Мне до отвращения было противно это определение. И я старался найти ему опровержение, а после все же согласиться, чтобы избавится от мук незнания. Но вновь и вновь возникали новые факты и события, что все возвращали в состояние взболтанной взвеси. А отчаяние не приходило лишь по одной наивной причине – я уже не мог остановиться. Я мчался и бежал вперед, задыхаясь и разрывая плоть ступней до кости, ибо чувствовал в себе могущество, но мир уже замер. Ему не требовалась плеть очищения, клинок – символ победы. Даже великий император, идол, уже блистал на троне. Для меня не осталось никакого сопротивления, кроме одной мелочи, но не врага.

Почему же так холодно?

Этот холод изливался от боли. Она горела во мне, в том мальчике, которым я когда-то был, в юноше, что с каждым словом все больше и сильнее ненавидел своих учителей и владык.

О, сколько я пытался забыть! Сколько раз уверял себя, что это было не со мной настоящим и выжившим, а с тем мной, что давно утонул в пустоте. Сколько шрамов было на теле от кнутов и розог, а еще больше на душе, до тех пор, пока не… не захлебнулся? Скольким монстрам с улыбкой подносил бокал с вином так, как теперь это кровавое питье преподносят новому властителю?

Я не жалел себя и не страдал, не сокрушался по упущенному времени. Нет, иначе бы я не смог пройти весь свой путь, хотя можно ли было его назвать в тот момент моих размышлений пройденным. Вряд ли, скорее приближающимся к завершению. И даже оно, как и лишение детства, являлось необходимым до безумия и онемения. Пока я жил, я осознавал и познавал все и вся. Жестоко, самолично воя и испивая Ди’ираиш.

И все же следовало признать, что моя жизненная тропа отнюдь не была плохой. Все люди считают жизнь самым великим благом, получая за ее прохождение щедрый дар – смерть. И мне было очень важно это понять, ибо только это пониманием дарует возможность полноценного ощущения эмоций.

Но это для меня оставалось и остается невозможным.

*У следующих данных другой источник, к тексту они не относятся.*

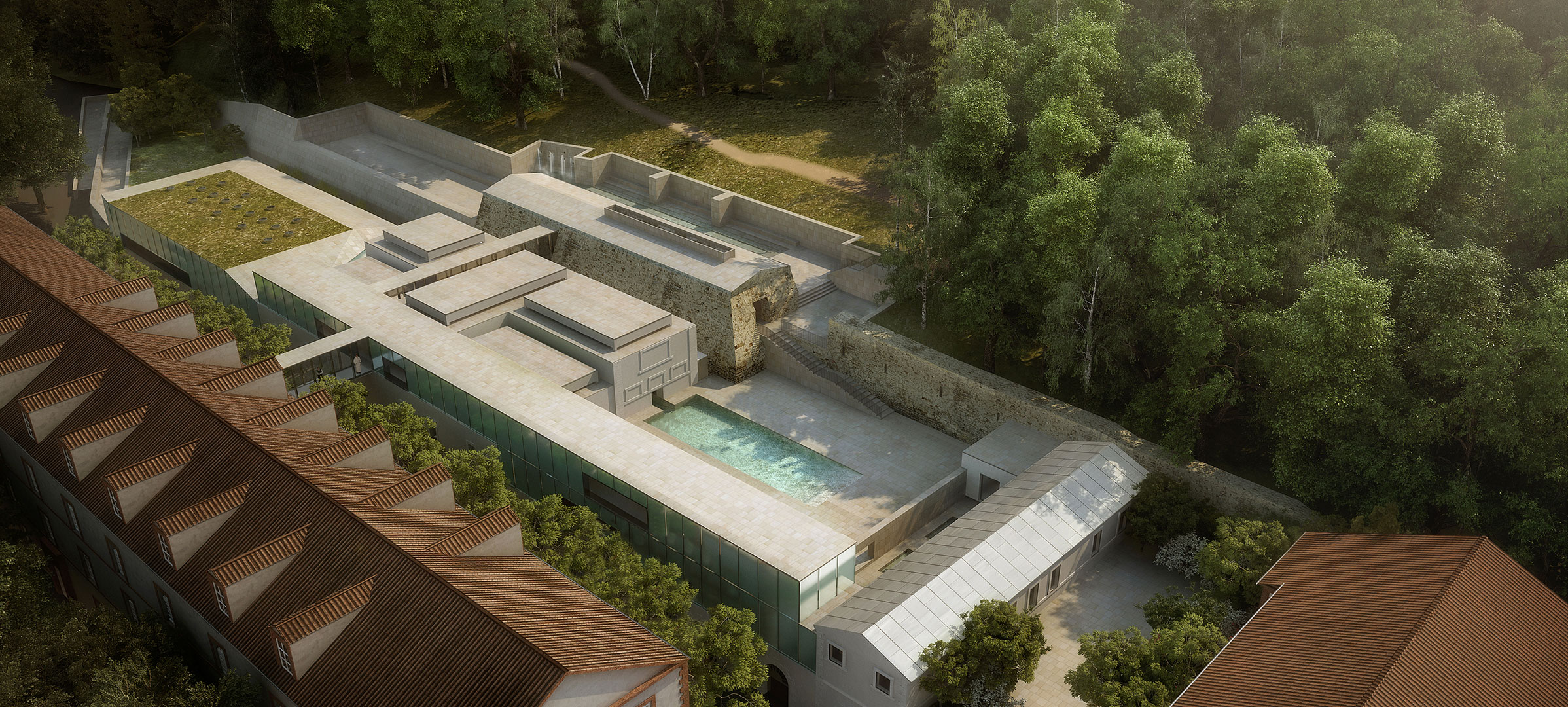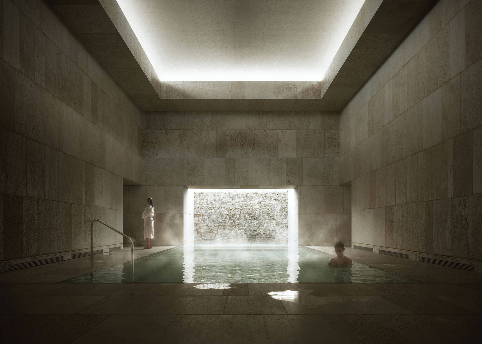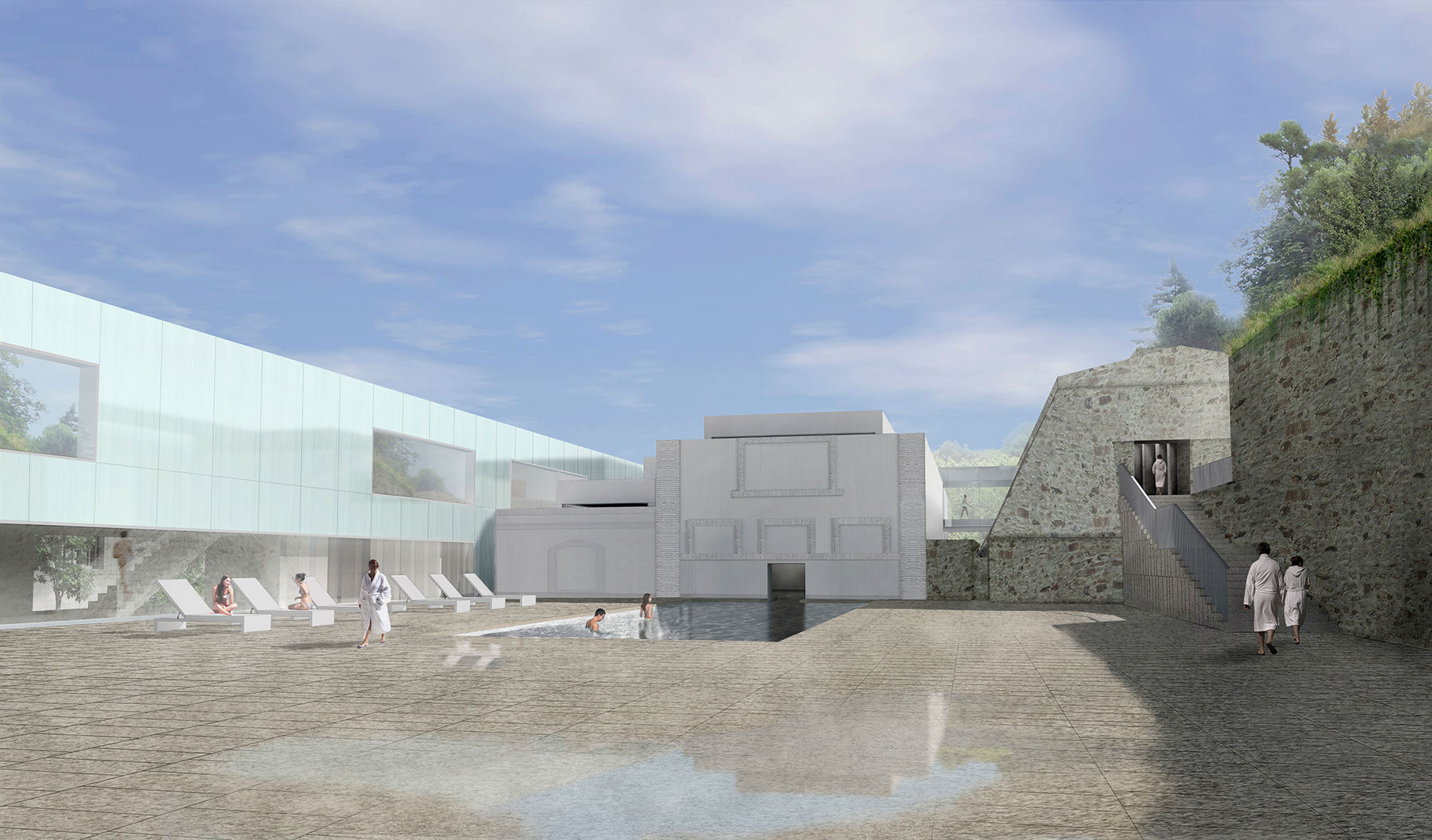 La base de la actuación ha sido entonces intentar respetar la construcción existente del antiguo complejo de las termas en todo lo que se refiere a su parte masiva y permanente, reconfigurando las cubiertas, reforzando los espacios termales resultantes, y creando un nuevo cuerpo, más ligero y vítreo, que apoyando y discurriendo entre la edificación existente que actúa a manera de zócalo, permite incorporar las nuevos usos junto con el esquema de circulaciones necesario para el perfecto funcionamiento del nuevo conjunto termal.
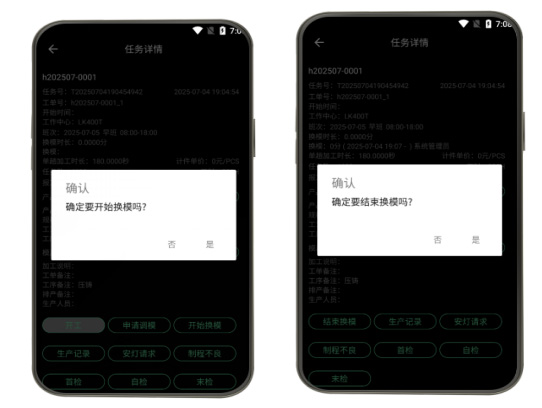工業(yè)級移動終端部署實現(xiàn)全工序數(shù)字化閉環(huán):智能開工驗證(任務(wù)自動校驗/工藝參數(shù)確認(rèn)/電子作業(yè)指導(dǎo)書調(diào)取)與精準(zhǔn)報工管理(即時報工/不良品錄入/機器計數(shù))的無縫協(xié)同
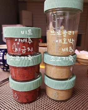 그러면서도 한편으론 시판 이유식을 틈이 날 때마다 검색했다. 공장에서 만들어지는 제품과 달리 집과 가까운 곳에서 수제로 이유식을 만들어 배달해주는 업체들이 꽤 있었다. 관련 후기로 찾아보고 테스트용으로 몇 개 주문해 봤더니 유관상 내가 직접 만든 이유식과 크게 다르지 않았다. 이유식 재료도 다양했고, 각 재료도 유기농으로 구입한 뒤 이유식 매장 온라인 카페에 사진으로 올라왔다. 가장 중요한 건, 쮸니에게 시판 이유식을 먹여봤더니 곧잘 먹었다는 점이다. 초-중기 이유식 때 그렇게 유난을 떨었던 엄마지만, 후기 이유식 땐 해당 가게에 주문해 먹였다. 두세 달가량 애용했던 것 같다.
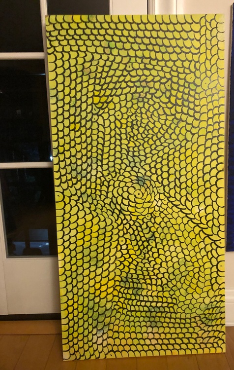 Trying something new. I wanted to blend a Kusama net painting with a Pollock drip painting as an experiment. The Dripping was a little messy so I reinforced the shapes I liked with oil pen.
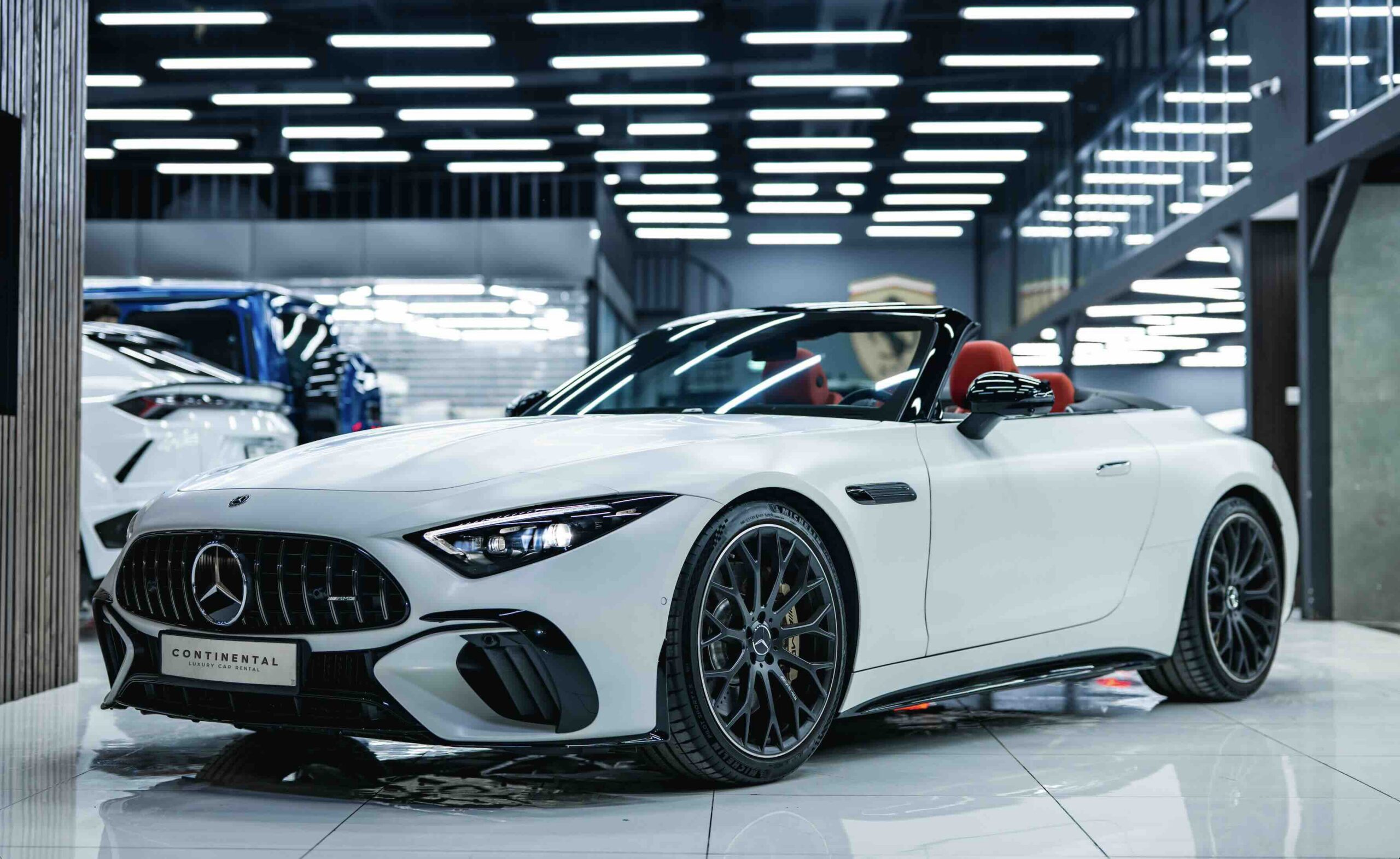 The Mercedes-Benz SL 63 AMG is a modern icon — a luxury roadster that blends open-top freedom with true AMG performance. Its long, elegant proportions, aggressive front end, and sleek retractable roof make it a head-turner whether cruising the coastline or arriving at a hotel entrance.
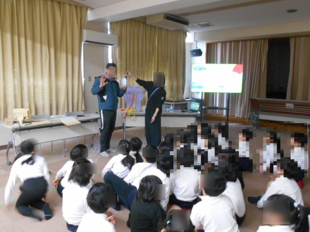 1月14日(水)に2年生の発育測定と保健指導を行いました。保健指導のテーマは「手あらいをしよう」です。咳やくしゃみでウイルスや菌が飛ぶ長さをテープで実際に見てみました。「こんなに飛ぶの?」と驚いている児童がたくさんいました。ブラックライトを当てると白く光るクリームを使って、どのようにウイルスや菌がうつるかを実験しました。気づかないうちに手にはウイルスや菌がついています。こまめに手洗いをしましょう。
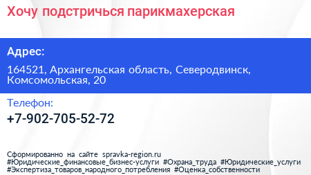 Хочу подстричься, парикмахерская по адресу 164521, Архангельская область, Северодвинск, Комсомольская, 20 в дальнейшем Организация, размещена в следующих категориях:
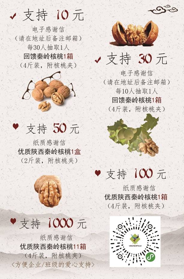 ● 本次公益销售的核桃除新疆、西藏、内蒙古、青海及港澳台地区全国包邮,请注明详细邮寄地址和联系方式,便于我们邮寄核桃和纸质感谢信给您。
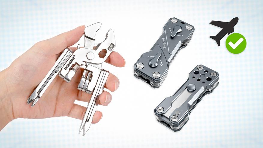 Завершает подборку стильный складной набор инструментов, наиболее полезный для видеооператоров. SmallRig Hunter — это корпус из алюминиевого сплава с инструментами из нержавеющей стали, дополненными механизмом для удобного их извлечения. Мультитул весит 120 грамм при размерах 30 x 81 x 21.3 мм.
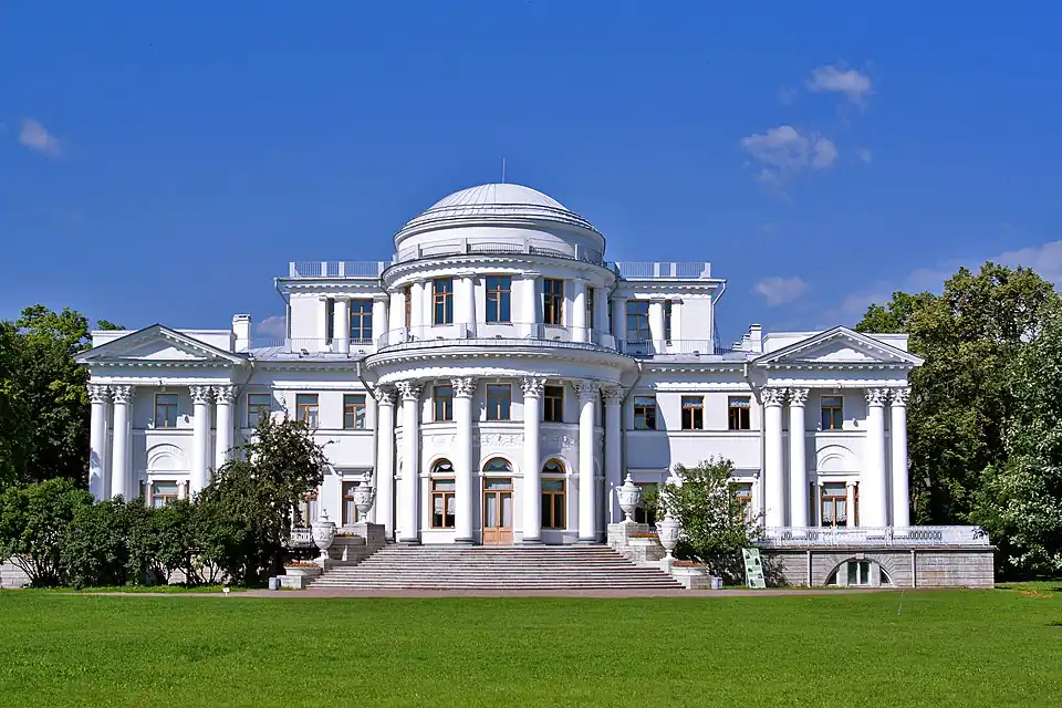 In 1817, the island was bought for 350,000 rubles by the Imperial Cabinet on behalf of the Russian Monarchy. The following year the palace grounds underwent a thorough redesigning and restructuring led by architect Carlo Rossi. The works lasted four years and included a vast English landscape garden with a system of canals, bridges and ponds, as well as grottoes and gazebos.[3]
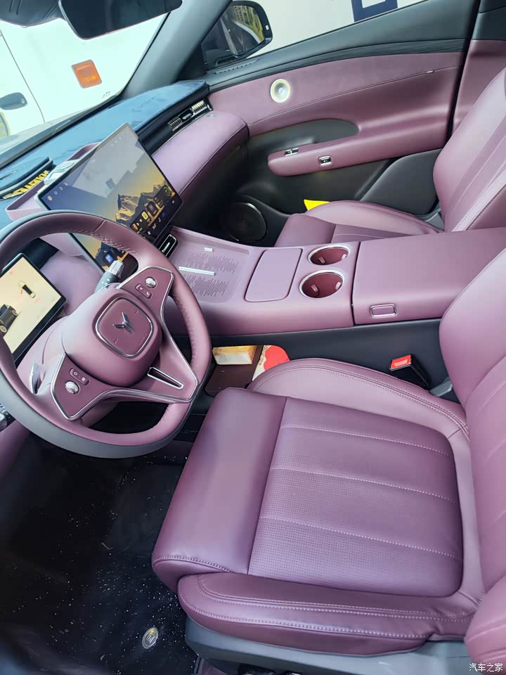 那内饰的紫色简直太合我心意了!其官方名称为琉璃紫,在实车呈现的状态下,并非那种颇为浮夸的亮紫色调,而是一种偏向于深色且富有质感的紫色,随着光线的不同,还会有细微的层次变化出现,再搭配车内的皮质包裹以及金属饰板,瞬间便营造出满满的豪华感。中控台用手去触摸的时候,感觉软绵绵的,绝大多数的地方都采用了皮质材料,就连缝线处理也十分工整,新车基本上没有什么异味,这一点确实值得大力夸赞一番。

Я улыбался, но не чувствовал. Я мог только подражать, чтобы не выделяться из общей массы живых. Кривя губы, щуря глаза, я раз от раза задумывался над природой поведения и действиями, выбором окружающих. Но не понимал, не мог сам поступать подобным образом в таких же ситуациях, ибо не терзалась моя душа от тревог и беспокойства, равных человеческим.

Родившись для жизни, я все равно ее презирал.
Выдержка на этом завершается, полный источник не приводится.